'''
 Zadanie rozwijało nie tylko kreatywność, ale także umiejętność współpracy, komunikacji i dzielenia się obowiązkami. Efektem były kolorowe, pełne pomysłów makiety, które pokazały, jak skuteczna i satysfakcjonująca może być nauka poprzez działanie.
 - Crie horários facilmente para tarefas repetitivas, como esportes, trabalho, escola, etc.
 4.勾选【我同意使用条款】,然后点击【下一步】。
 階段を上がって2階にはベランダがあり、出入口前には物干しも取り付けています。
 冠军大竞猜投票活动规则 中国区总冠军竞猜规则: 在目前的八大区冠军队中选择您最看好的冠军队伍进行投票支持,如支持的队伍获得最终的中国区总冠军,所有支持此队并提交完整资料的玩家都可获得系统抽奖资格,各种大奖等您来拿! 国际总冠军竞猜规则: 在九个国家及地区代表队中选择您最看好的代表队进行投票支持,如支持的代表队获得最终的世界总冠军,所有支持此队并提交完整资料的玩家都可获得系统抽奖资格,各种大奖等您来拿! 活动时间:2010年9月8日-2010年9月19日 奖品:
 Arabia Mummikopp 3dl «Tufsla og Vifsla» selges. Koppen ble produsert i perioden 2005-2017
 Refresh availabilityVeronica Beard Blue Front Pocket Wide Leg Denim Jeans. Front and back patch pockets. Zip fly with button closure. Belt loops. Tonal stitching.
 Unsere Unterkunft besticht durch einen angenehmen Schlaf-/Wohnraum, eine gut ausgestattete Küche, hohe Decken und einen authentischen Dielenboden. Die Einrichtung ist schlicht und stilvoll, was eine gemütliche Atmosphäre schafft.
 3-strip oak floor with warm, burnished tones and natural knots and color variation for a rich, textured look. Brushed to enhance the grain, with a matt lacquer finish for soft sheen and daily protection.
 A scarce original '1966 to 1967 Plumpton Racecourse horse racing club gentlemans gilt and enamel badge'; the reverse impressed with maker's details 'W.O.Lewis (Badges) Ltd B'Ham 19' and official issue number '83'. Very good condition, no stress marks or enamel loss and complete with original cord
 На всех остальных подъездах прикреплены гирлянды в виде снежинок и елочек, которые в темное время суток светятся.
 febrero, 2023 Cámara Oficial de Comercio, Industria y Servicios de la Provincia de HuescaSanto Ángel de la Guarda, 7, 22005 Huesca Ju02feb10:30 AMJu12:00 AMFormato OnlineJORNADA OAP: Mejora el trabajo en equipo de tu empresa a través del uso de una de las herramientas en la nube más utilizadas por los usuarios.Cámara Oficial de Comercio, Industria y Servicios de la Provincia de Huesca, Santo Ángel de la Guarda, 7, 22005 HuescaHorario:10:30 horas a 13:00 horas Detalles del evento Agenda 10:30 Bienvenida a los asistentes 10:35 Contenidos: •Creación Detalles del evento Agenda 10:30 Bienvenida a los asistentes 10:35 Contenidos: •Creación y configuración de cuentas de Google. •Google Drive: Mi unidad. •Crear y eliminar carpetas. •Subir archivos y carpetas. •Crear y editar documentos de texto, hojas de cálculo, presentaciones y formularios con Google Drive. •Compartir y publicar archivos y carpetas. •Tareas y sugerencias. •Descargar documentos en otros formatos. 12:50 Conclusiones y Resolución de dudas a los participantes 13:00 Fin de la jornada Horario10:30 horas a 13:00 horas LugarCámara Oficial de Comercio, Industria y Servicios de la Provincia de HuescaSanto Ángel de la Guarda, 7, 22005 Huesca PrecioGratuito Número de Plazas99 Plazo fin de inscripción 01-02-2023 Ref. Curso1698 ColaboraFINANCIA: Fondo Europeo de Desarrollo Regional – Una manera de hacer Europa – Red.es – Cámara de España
'''
*Required work*. For this exercise, write out all of the data exactly.

*Completed task*.
 Zadanie rozwijało nie tylko kreatywność, ale także umiejętność współpracy, komunikacji i dzielenia się obowiązkami. Efektem były kolorowe, pełne pomysłów makiety, które pokazały, jak skuteczna i satysfakcjonująca może być nauka poprzez działanie.
 - Crie horários facilmente para tarefas repetitivas, como esportes, trabalho, escola, etc.
 4.勾选【我同意使用条款】,然后点击【下一步】。
 階段を上がって2階にはベランダがあり、出入口前には物干しも取り付けています。
 冠军大竞猜投票活动规则 中国区总冠军竞猜规则: 在目前的八大区冠军队中选择您最看好的冠军队伍进行投票支持,如支持的队伍获得最终的中国区总冠军,所有支持此队并提交完整资料的玩家都可获得系统抽奖资格,各种大奖等您来拿! 国际总冠军竞猜规则: 在九个国家及地区代表队中选择您最看好的代表队进行投票支持,如支持的代表队获得最终的世界总冠军,所有支持此队并提交完整资料的玩家都可获得系统抽奖资格,各种大奖等您来拿! 活动时间:2010年9月8日-2010年9月19日 奖品:
 Arabia Mummikopp 3dl «Tufsla og Vifsla» selges. Koppen ble produsert i perioden 2005-2017
 Refresh availabilityVeronica Beard Blue Front Pocket Wide Leg Denim Jeans. Front and back patch pockets. Zip fly with button closure. Belt loops. Tonal stitching.
 Unsere Unterkunft besticht durch einen angenehmen Schlaf-/Wohnraum, eine gut ausgestattete Küche, hohe Decken und einen authentischen Dielenboden. Die Einrichtung ist schlicht und stilvoll, was eine gemütliche Atmosphäre schafft.
 3-strip oak floor with warm, burnished tones and natural knots and color variation for a rich, textured look. Brushed to enhance the grain, with a matt lacquer finish for soft sheen and daily protection.
 A scarce original '1966 to 1967 Plumpton Racecourse horse racing club gentlemans gilt and enamel badge'; the reverse impressed with maker's details 'W.O.Lewis (Badges) Ltd B'Ham 19' and official issue number '83'. Very good condition, no stress marks or enamel loss and complete with original cord
 На всех остальных подъездах прикреплены гирлянды в виде снежинок и елочек, которые в темное время суток светятся.
 febrero, 2023 Cámara Oficial de Comercio, Industria y Servicios de la Provincia de HuescaSanto Ángel de la Guarda, 7, 22005 Huesca Ju02feb10:30 AMJu12:00 AMFormato OnlineJORNADA OAP: Mejora el trabajo en equipo de tu empresa a través del uso de una de las herramientas en la nube más utilizadas por los usuarios.Cámara Oficial de Comercio, Industria y Servicios de la Provincia de Huesca, Santo Ángel de la Guarda, 7, 22005 HuescaHorario:10:30 horas a 13:00 horas Detalles del evento Agenda 10:30 Bienvenida a los asistentes 10:35 Contenidos: •Creación Detalles del evento Agenda 10:30 Bienvenida a los asistentes 10:35 Contenidos: •Creación y configuración de cuentas de Google. •Google Drive: Mi unidad. •Crear y eliminar carpetas. •Subir archivos y carpetas. •Crear y editar documentos de texto, hojas de cálculo, presentaciones y formularios con Google Drive. •Compartir y publicar archivos y carpetas. •Tareas y sugerencias. •Descargar documentos en otros formatos. 12:50 Conclusiones y Resolución de dudas a los participantes 13:00 Fin de la jornada Horario10:30 horas a 13:00 horas LugarCámara Oficial de Comercio, Industria y Servicios de la Provincia de HuescaSanto Ángel de la Guarda, 7, 22005 Huesca PrecioGratuito Número de Plazas99 Plazo fin de inscripción 01-02-2023 Ref. Curso1698 ColaboraFINANCIA: Fondo Europeo de Desarrollo Regional – Una manera de hacer Europa – Red.es – Cámara de España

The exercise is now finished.